OpenSTBench: New benchmark unifies speech translation evaluation across 6 dimensions

Forget just semantic accuracy — OpenSTBench now measures speech quality, emotion, and latency too.

Deep Dive

OpenSTBench is a unified evaluation framework for speech translation systems, covering speech-to-text (S2TT) and speech-to-speech (S2ST) translation in offline and streaming settings. It jointly measures translation quality, speech quality, speaker preservation, emotion & paralinguistic fidelity, temporal consistency, and latency. Experiments show that systems with strong translation quality can still differ substantially in speech quality and temporal quality. The code and datasets are available online.
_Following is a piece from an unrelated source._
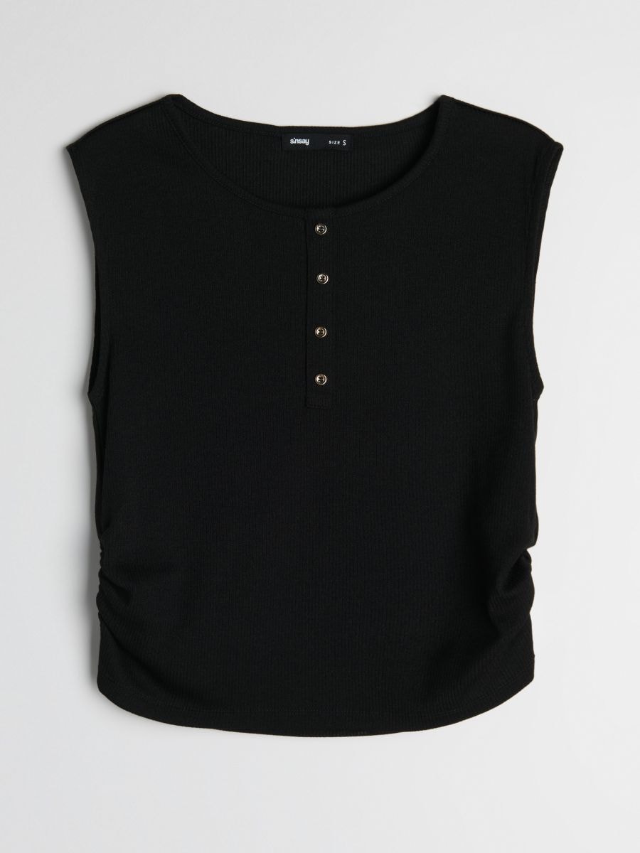 Rebrasta bluza bez rukava sa dugmadima sa dodatkom viskoze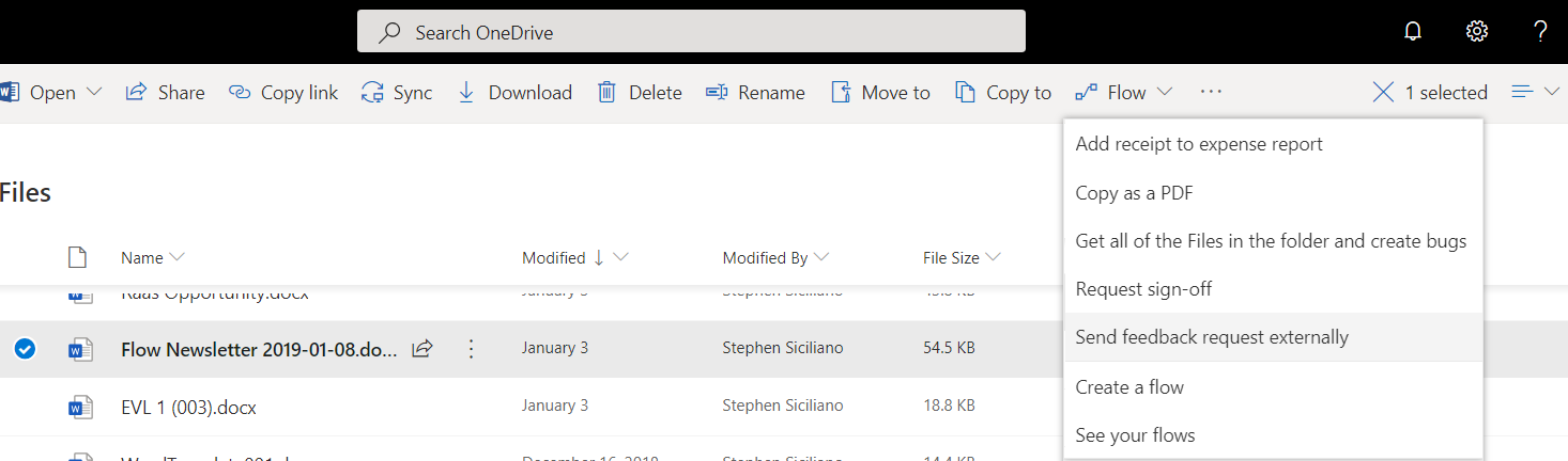 Through an embedded Flow launch panel experience, users will be able to create and run an out-of-box flow to send sign-off requests to any user in their tenant, along with a message. Once the approver responds, the initiator receives a confirmation email with feedback from the approver. In addition, for certain file types there is an out-of-box flow to Copy as a PDF. This will create a PDF file in your OneDrive alongside the file you have selected.

The paper has been submitted to EMNLP 2026.

Key Points
  • OpenSTBench unifies evaluation for both speech-to-text (S2TT) and speech-to-speech translation (S2ST) in offline and streaming modes.
  • It measures 6 dimensions: translation quality, speech quality, speaker preservation, emotion/paralinguistic fidelity, temporal consistency, and latency.
  • Experiments revealed that systems with equal translation quality can vary significantly in speech and temporal quality, highlighting the need for multidimensional evaluation.

Why It Matters

OpenSTBench enables comprehensive comparison of speech translation systems, critical for real-world deployment across modalities and use cases.